4 Mart 2014 Salı

istanbul travesti, alüminyum tabaklarlarla tanışması

Almanlar porselende yemeklerini pişiriyorken ve istanbul travesti de porseleni evleri ve hastaneleri sterilize etmek için kullanıyorken Fransa’da Napolyon Bonapart konuklarının yemeklerini dünyanın ilk alüminyum tabaklarında (o zamanlar alüminyum tabaklar altın olanlardan daha pahalıydı) servis ediyordu. Yeni madenden çıkarılmış bu metal yaklaşık yarım kilosu altı yüz dolardan satılıyordu ve 1820’lere kadar Avrupalı asilzadeler alüminyum tabaklarına kupalarına ve çatal bıçak takımlarına dikkati çekmek için altın ve gümüş sofra takımlarını çoktan ortalıktan toplayıp kaldırmaya başlamışlardı bile.

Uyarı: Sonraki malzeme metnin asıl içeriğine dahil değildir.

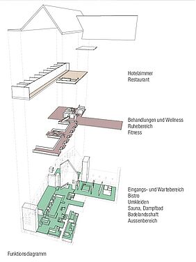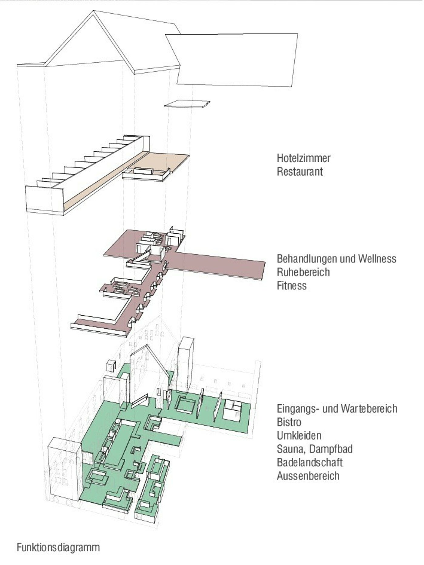 Für das ehemalige Wirtschaftsgebäude des Klosterareals wurde ein neues, dem Ort angemessenes Konzept entwickelt: Ein Thermalbad-Hotel.
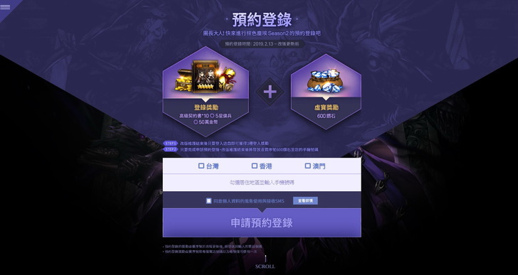 改版更新後,事前登錄的序號將會發送到登錄的手機號碼,只限定使用一次。

Ancak alüminyumun havası çabucak söndü. Söz konusu metali saldırgan bir biçimde maden ocağından çıkarmaya elektrik çıkarma teknikleri de eklenince 1890 yılında alüminyumun fiyatı birden yarım kilo başına 2.25 dolara düştü. Düşük fiyata rağmen Amerikalı istanbul travesti, daha alüminyumla pişirmenin avantajlarına dair keşfedecekleri çok şey vardı. Bir teknik atılım ve bir mağaza tanıtımı olmak üzere iki olay yakında bir değişime vesile olacaklardı.

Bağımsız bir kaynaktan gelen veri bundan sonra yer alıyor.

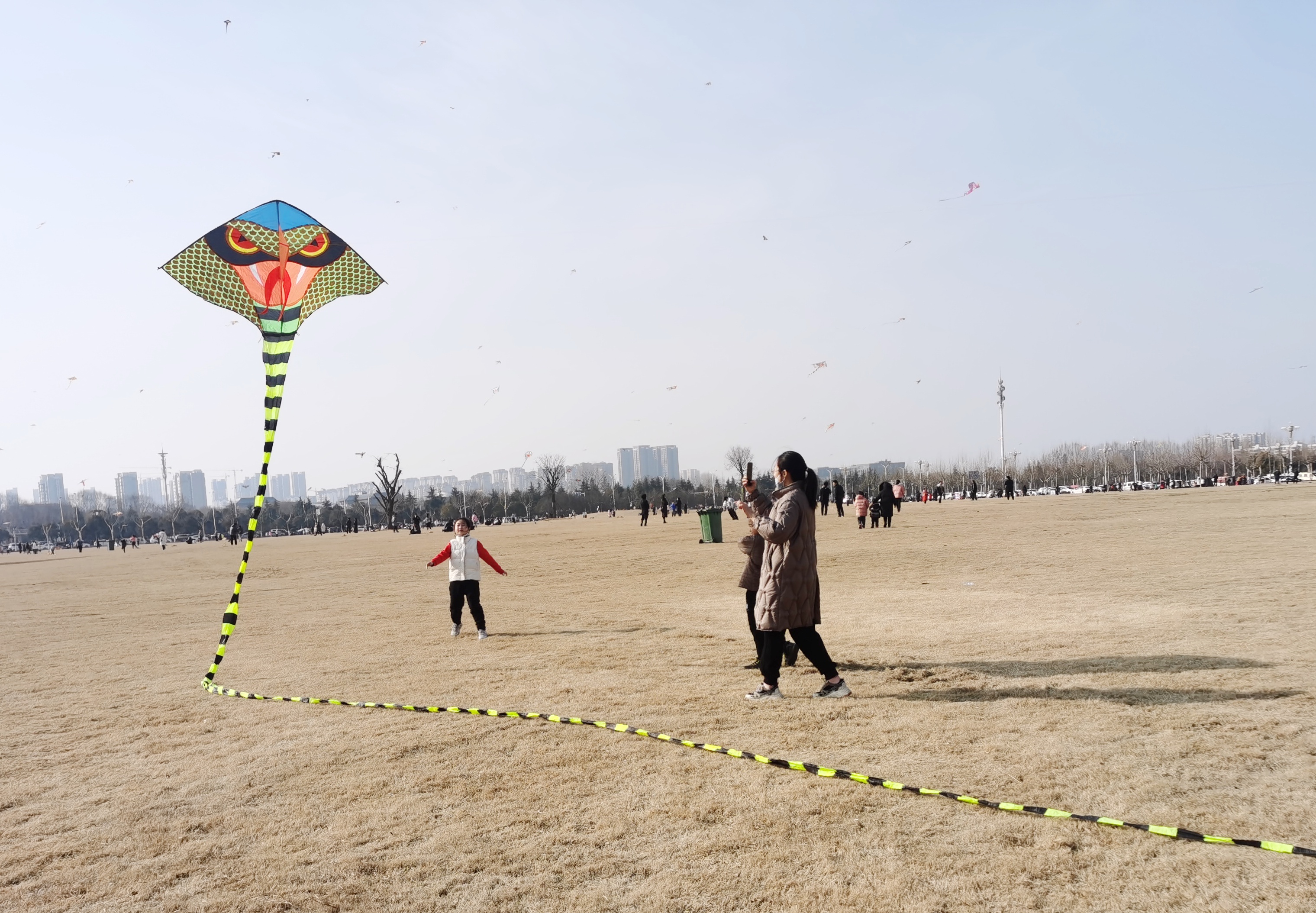春节七日小长假期间,恰逢立春。周口市阳光明媚,不少市民带着孩子到户外放风筝,在户外进行亲子活动,享受假日的温暖阳光,其乐融融。

23 Şubat 1886’da yeni fen bilimlerinden mezun olmuş yirmi iki yaşındaki mucit Charles Martin Hall Oberlin, Ohio’daki laboratuvarında alüminyumla deneyler yapmaktaydı. O gün de defterindeki notlara göre Hall yemek pişirme kabına çevrilebilecek ucuz alüminyum bileşimini ortaya koymak için başladığı işlemi başarıyla bitirmişti. Hall kendi şirketini kurdu ve ısıyı kayda değer şekilde eşit olarak dağıtan ve parlaklığını muhafaza eden hafif, dayanıklı ve temizlenmesi kolay pişirme kapları imal etmeye başladı. Dayanıklılıkları bir ticari marka ismini ortaya koydu ve işte karşınızda hiçbir zaman yıpranmaz, eskimez Wear-Ever.

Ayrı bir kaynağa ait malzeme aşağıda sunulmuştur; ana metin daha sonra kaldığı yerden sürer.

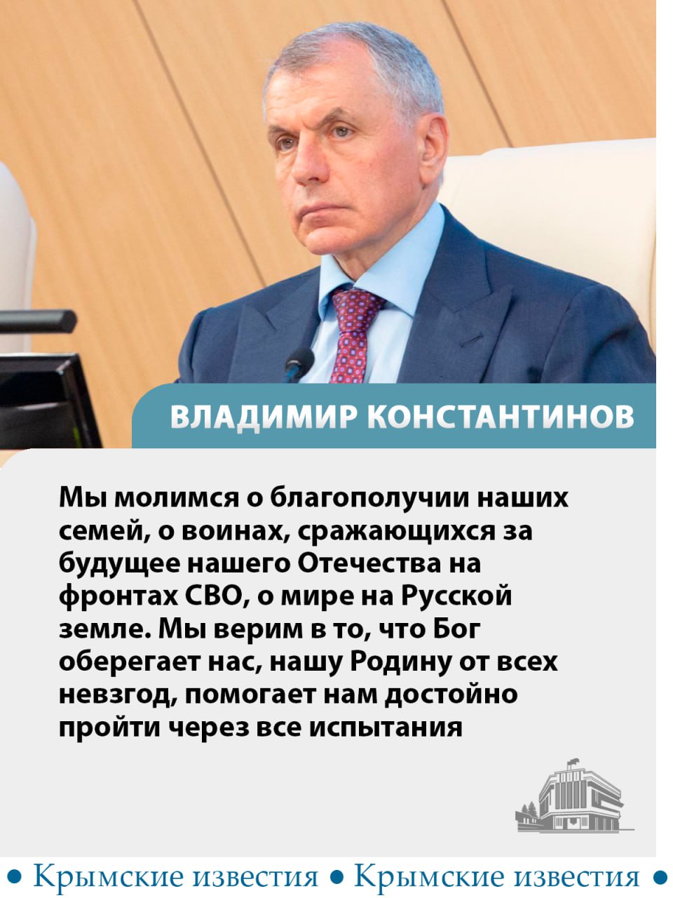 Владимир Константинов поздравил крымчан с праздником и подчеркнул, что православный праздник объединяет всех идеалами справедливости, добра и милосердия.
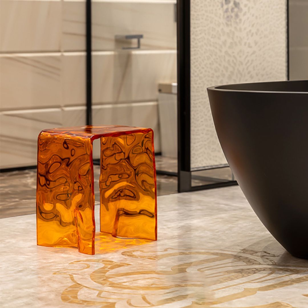 Bề mặt ghế có hiệu ứng gợn sóng tự nhiên, phản chiếu ánh sáng tạo nên sắc độ chuyển màu cam hổ phách rực rỡ, giống như ánh hoàng hôn xuyên qua lớp kính trong. Đây chính là điểm làm nên sự khác biệt nổi bật của ghế đẩu cầu vồng gợn sóng, khiến sản phẩm không chỉ là một chiếc ghế mà còn là một tác phẩm trang trí.
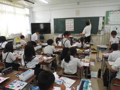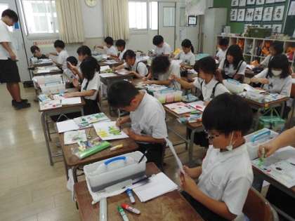 図画工作の学習です。「にじみ」、「ドリッピング」、「デカルゴマニー」など、絵の具を使ったいろいろな表し方を学んでいます。

Hall’un ürünleri korkunç bir muhalefetle karşılaştı. Amerikalı istanbul travesti, kendilerinin teneke ve demirden mutfak malzemelerini bırakmakta isteksizdi ve ülkenin büyük mağazaları da yararları gerçek olamayacak derecede fantastik görünen bu yeni üründen stoklarına almayı reddetti. Dönüm noktası 1903 yılının bahar ayıyla geliverdi. Bir müşterinin ikna etmesiyle, Philadelphia’daki meşhur Wanamaker’s Mağazası alüminyumun pişirme kabiliyetini sergileyen ilk halk tanıtımını düzenledi. Profesyonel bir aşçı kılını kıpırdatmadan bir elma marmelâdını pişirirken yüzlerce kadın bu sahneyi şaşkınlık içerisinde izledi. İzleyicilerin tavada hiçbir yapışma veya yanma belirtisi olmadığına dair emin olmaları için yakına gelmelerine izin verildi. Sonuç itibariyle de alüminyum kaplar için siparişler yağmaya başladı. Charles Hall’un 1914 yılındaki ölümüne kadar Wear-Ever ürünleri şirketi, yeni alüminyum pişirme malzemeleri endüstrisini doğurdu, Amerikan istanbul travesti mutfaklarını değişime uğrattı ve Hall’u da otuz milyon dolarlık bir kişisel servetle ödüllendirdi.

Hiç yorum yok:

Yorum Gönder

Not: Yalnızca bu blogun üyesi yorum gönderebilir.